HyperOffice focuses on simple task management and email integration. Here’s how one SMB uses the hosted collaboration suite to meet Fortune 500 expectations.

Erich de la Fuente runs a SMB with a big footprint.

Because Miami-based EDF Communications is a public relations and strategic communications with a multilingual and multicultural focus, it has offices and freelance representatives everywhere from Washington, D.C., to Mexico City and Columbia. One of Fuente’s tools for holding it all together is online collaboration with HyperOffice, which offers a suite of software as a service products.

“We share documents on a regular basis, and this is really about efficiency-it saves a lot of time,” Fuente said in an interview. “That turns into money because we have more time to service our clients and also to go after new business. Time is money, especially for a small business, and people expect us to react as if we were a Fortune 500.”

HyperOffice President Farzin Arsanjani, a co-founder of the company, said small businesses have just as great a need for collaboration software as large ones, but they typically lack the resources to implement it on their own. HyperOffice aims to provide an all-in-one collaboration system, provided with or without hosted email, that covers document management, tasks and calendars, and other routine business activities.

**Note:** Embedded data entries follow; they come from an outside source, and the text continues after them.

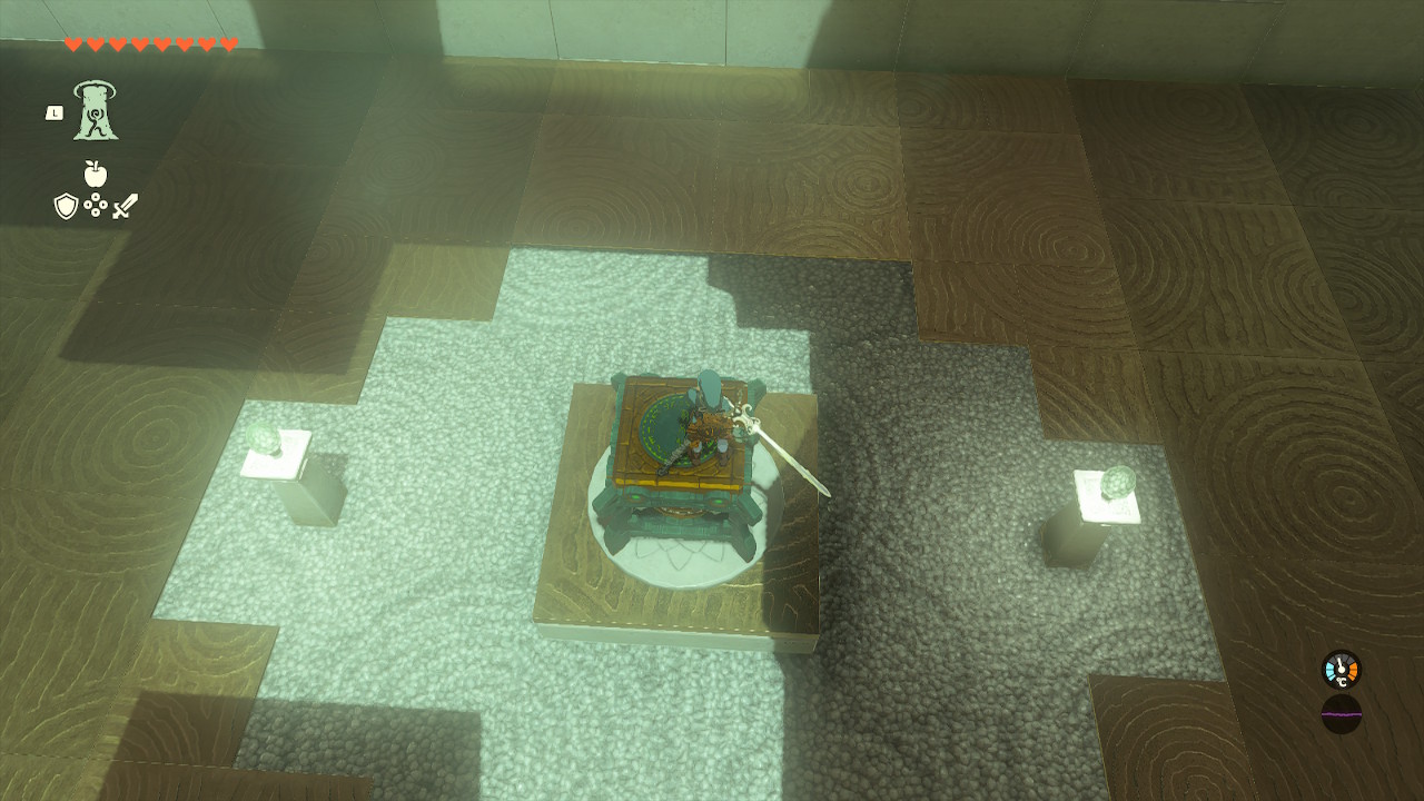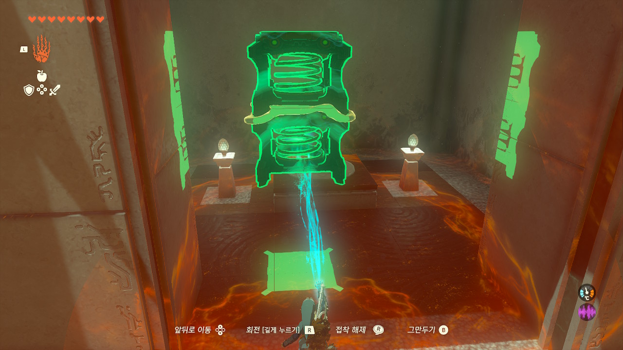 저 멀리 있는 구슬을 가지고 와야 하므로 건너간뒤에 아래 이미지와 같이 비스듬히 용수철을 놓고 쇠구슬을 가운데 흠사이에 넣고 작동시켜 저 멀리 보내면 된다.
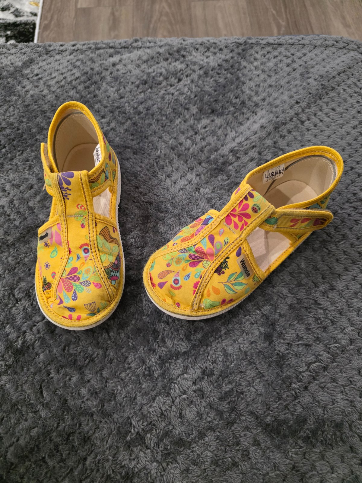 Detské papučky z prírodného textilného materiálu sandálkového typu so zatvorenou špičkou. Podošva je vyrobená z mäkkého, ale odolného styroporu. Uzatváranie je na suchý zips veľkosť 17 = vnútorná d...
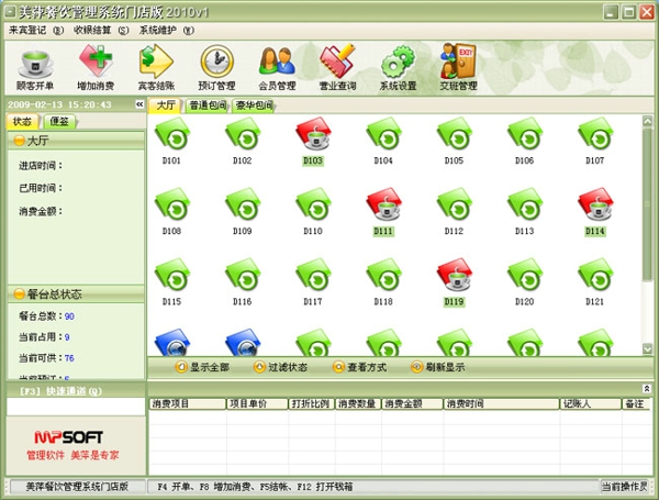 美萍餐饮管理系统去除了商品库存管理、后厨打印等模块,使得操作流程更加简洁,专注于门店最常用的收银和会员管理功能。
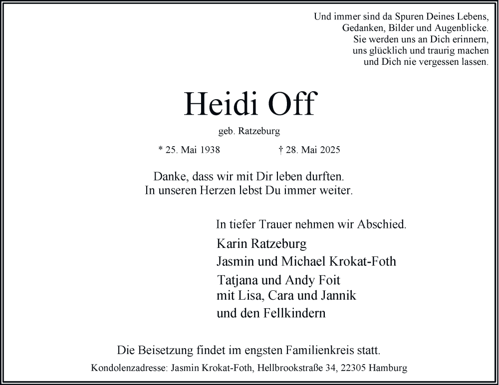 Hier finden Sie alle Traueranzeigen aus der Zeitung, die bisher für Heidi Off erschienen sind. Weitere Traueranzeigen, die in der Zeitung erscheinen, werden hier ebenfalls aufgelistet
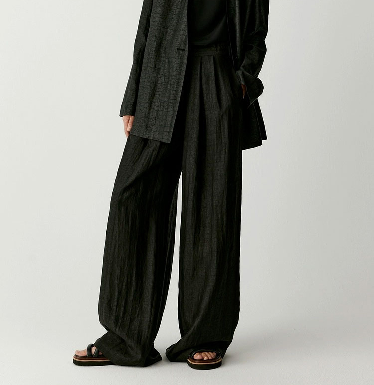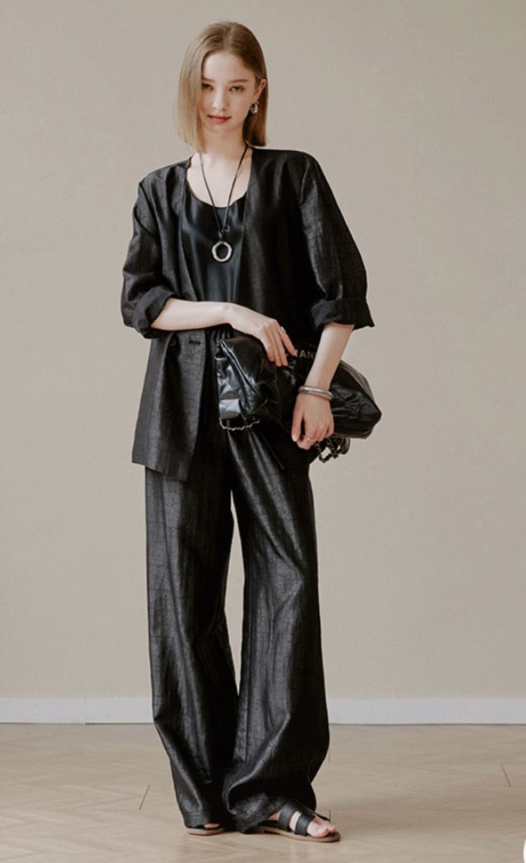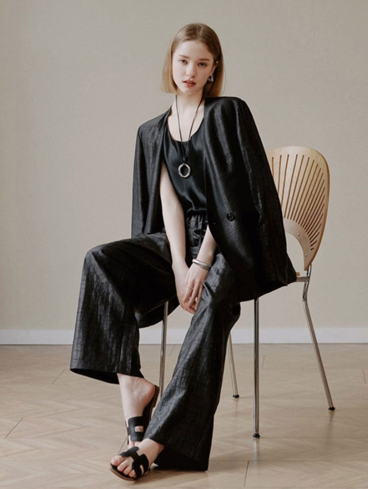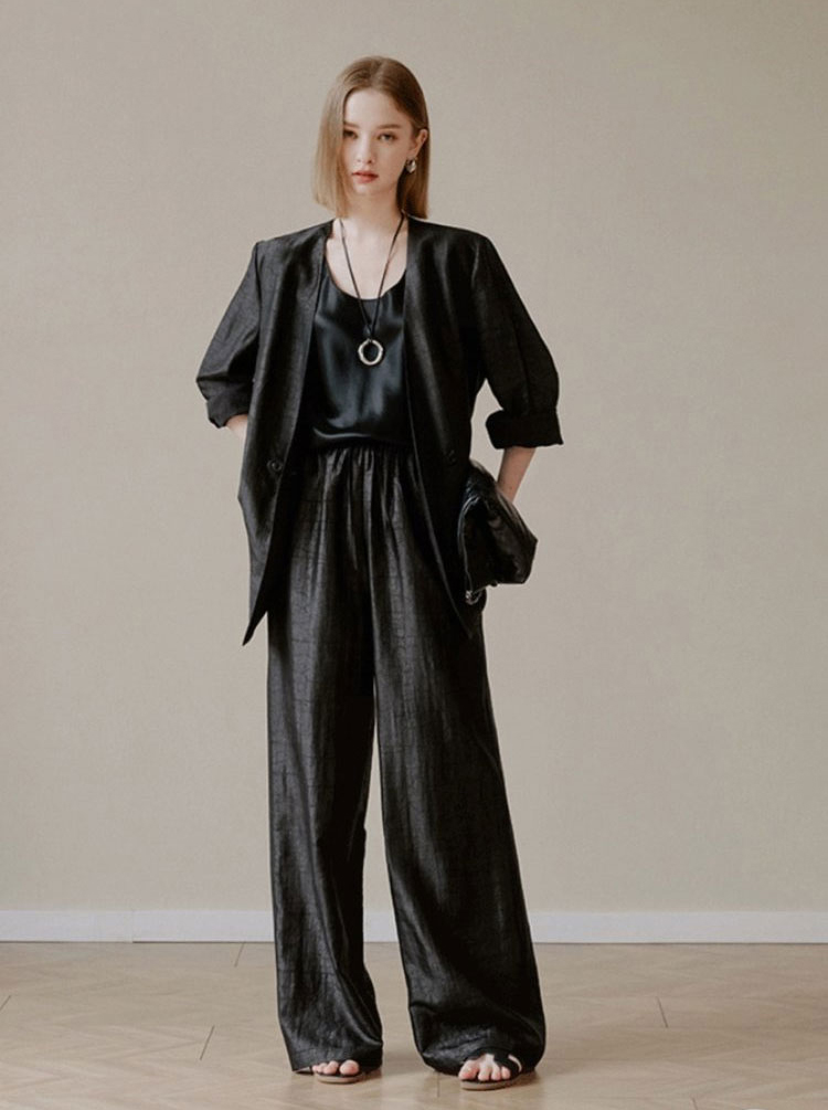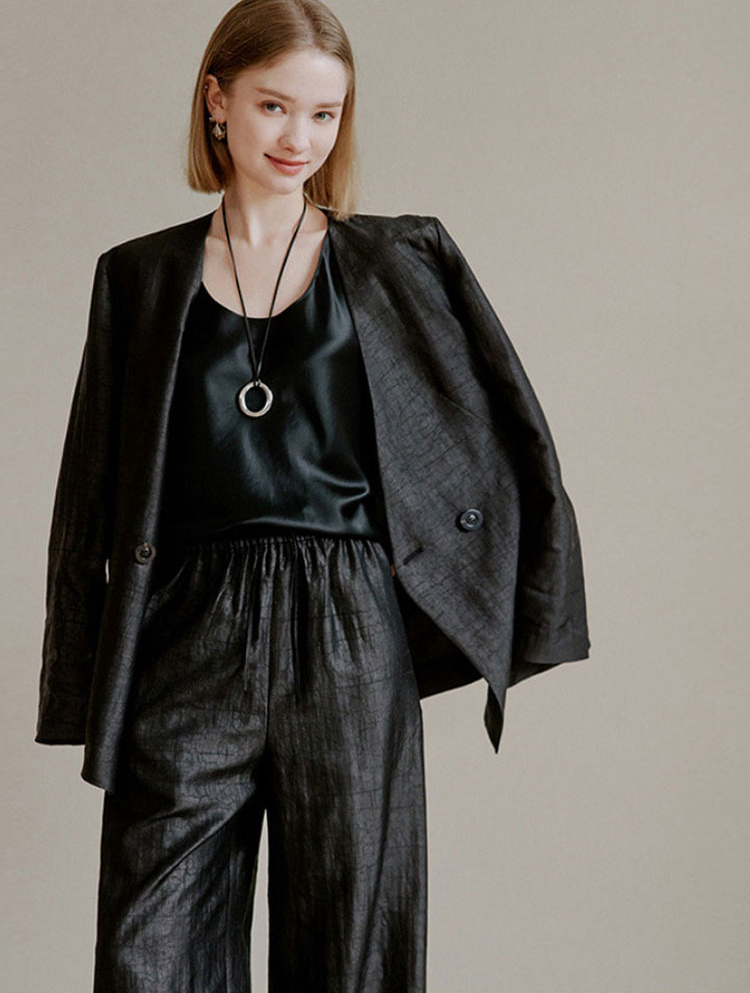 也可以和我们的龟裂纹香云西装、阔腿裤搭成一套。

Customers often start with the collaboration suite alone because they already have an email system, but including email allows them to do things like easily convert an incoming email to a task assignment, he said.

Unlike Google Apps, this cloud product doesn’t provide its own online document editing, instead it assumes users will download documents or check them into its repository, but work with them in desktop software. Pricing starts at $44.99 per month for 5 users for the collaboration product, or $54.94 with email service included.

HyperOffice also offers a HyperBase online database product, which is sold with some consulting hours included to help clients create custom applications.

Arsanjani said HyperOffice also wins some customers within departments of larger companies-in the typical SaaS scenario where a manager believes he can get a better response from an outside vendor than from corporate IT. Although HyperOffice sometimes replaces existing software, such as SharePoint, in most cases the cloud service is brought in to provide capabilities the organization didn’t have at all before, he said.

Fuente said that was true in his case, although he had his staff try several other Web-based software products before settling on this one. “I wanted to have team buy-in before we moved forward,” he said, but as soon as his employees tried HyperOffice he got an “overwhelming response” that it was the right pick. Document collaboration is critical for his firm, which is always working to develop press releases and other communications “and we always want to make sure we have the right version,” he said.